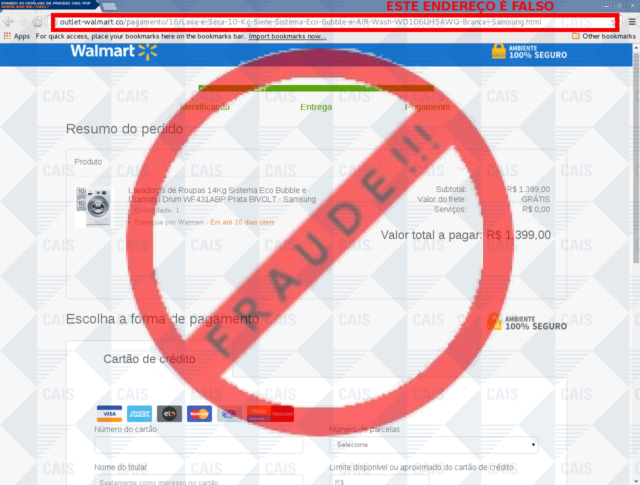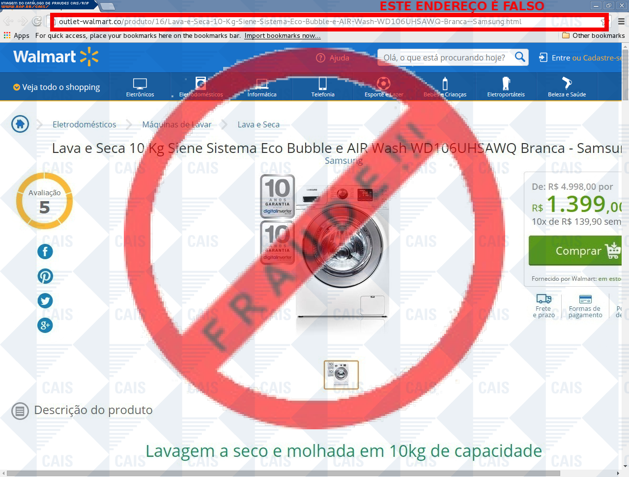 | comentário | A vítima recebe um e-mail informando sobre promoções no site de compra da loja Walmart disponibilizando link de vários produtos em desconto, no entanto a página é falsa destinada a roubar as informações pessoais e do cartão do usuário. | |
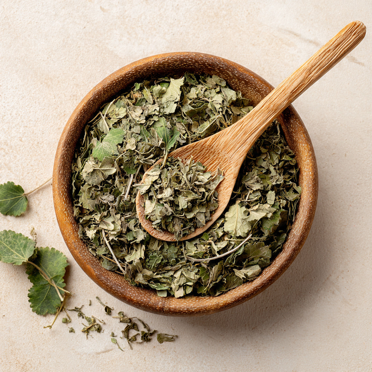 Aerial parts are harvested during the active growing season and cleaned to remove field debris. The material is dried using controlled air drying or warm air methods to reduce moisture while maintaining colour and structural integrity. Once dried, the herb is mechanically cut and sifted to produce a uniform grade with consistent texture.
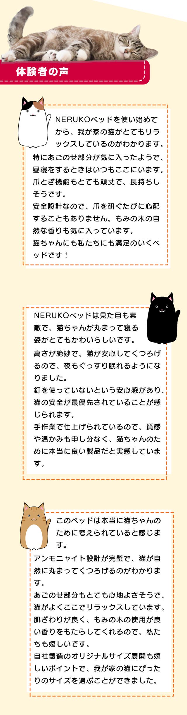 3.私たちは、長い歴史と職人技を持つ会社として、これまでの経験を活かしながら新しい挑戦に取り組んできました。 『NERUKOベッド』は、その成果の一つです。 釘を一切使わず、安心安全に配慮した設計で、猫ちゃんの健康と快適さを最優先とし、 肌ざわりや高さ、クッションによる心地よさ、爪とぎシートなど、全ての要素が猫ちゃんを想い造り上げたものです。 ぜひ、このベッドで猫ちゃんの幸福な時間をお楽しみください。

☆ ☆ ☆ ☆ ☆ ☆ ☆

| Exercise requirements |
Leave out the pictures and repeat exactly the lines from the start of the material through the line that contains "Aerial parts are", both included.

| Task result |
 | comentário | A vítima recebe um e-mail informando sobre promoções no site de compra da loja Walmart disponibilizando link de vários produtos em desconto, no entanto a página é falsa destinada a roubar as informações pessoais e do cartão do usuário. | |
 Aerial parts are harvested during the active growing season and cleaned to remove field debris. The material is dried using controlled air drying or warm air methods to reduce moisture while maintaining colour and structural integrity. Once dried, the herb is mechanically cut and sifted to produce a uniform grade with consistent texture.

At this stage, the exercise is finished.